The paleolithic diet, also known as the Stone Age Diet or Caveman Diet, is simply a return to eating the foods that humans would have consumed before agriculture and farming became common. Also, it emphasises eating raw foods, as cooking would have been a rarity. It is the oldest known diet to man!
The paleolithic diet is intended to emulate the ancient diet of wild plants and animals that humans consumed up until the end of the stone age, which was about 10,000 years ago.
It is based upon commonly available modern foods, including lean meat, fish, vegetables, fruit, roots, and nuts. It mostly excludes grains, legumes, dairy products, salt, refined sugar and processed oils. Some salt and dairy (fresh goats milk etc.) may have been consumed, but not on a large scale. Although fire was used in cooking it may not have been a daily luxury.
The Original Paleo Diet for Weight Loss
To start a Paleo Diet you just need the Paleo Cookbook from www.paleocookbooks.com.
It was first popularized in the mid 1970s by a gastroenterologist named Walter L. Voegtlin.

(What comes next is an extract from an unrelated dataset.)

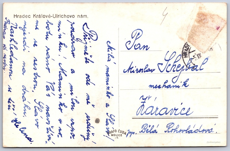 Hradec Králove, Ulrichovo náměstí Pokud chcete vidět pohlednice ve vyšším rozlišení nebo zobrazovat jejich zadní stranu, tak se prosím nejdříve přihlašte Přihlásit Zaregistrovat Hradec Králové - Ulrichovo nám. Jazyk tištěného textu na pohlednici: čeština Gočárova třída, Hradec Králové, Hradec Králové ukázat na mapě Vydavatel: Grafo Čuda Holice (Československo) Datum vydání není známo Pomozte nám odhadnout datum vzniku pohlednice Velikost (š x v) a tvar pohlednice: 139 x 90 mm (5.47" x 3.54"), obdélník Prošlá poštou DiskuseVložit příspěvek Přidat novou složku ... Spravovat složky ...

Building upon the principles of evolutionary medicine, it is based on the premise that modern humans are genetically adapted to the diet of their Paleolithic ancestors and that human genetics have scarcely changed since the dawn of agriculture, and therefore that an ideal diet for human health and well-being is one that resembles this ancestral diet.
This dietary approach is a controversial topic amongst nutritionists and anthropologists. Advocates argue that modern human populations subsisting on traditional diets similar to those of Paleolithic hunter-gatherers are largely free of diseases of affluence, and that such diets produce beneficial health outcomes in controlled medical studies.
Supporters point to several potentially therapeutic nutritional characteristics of pre-agricultural diets. Critics of this nutritional approach have taken issue with its underlying evolutionary logic, and have disputed certain dietary prescriptions on the grounds that they pose health risks and may not reflect the features of ancient Paleolithic diets. It is not a realistic alternative for everyone.
Why is the Palaeolithic Diet The Popular New Approach to Weight Loss?
Since the end of the Paleolithic period, foods that humans would have rarely or never consumed during previous stages of their evolution have been introduced as staples in their diet, namely dairy products, beans, cereals, alcohol, salt and fatty domestic meats.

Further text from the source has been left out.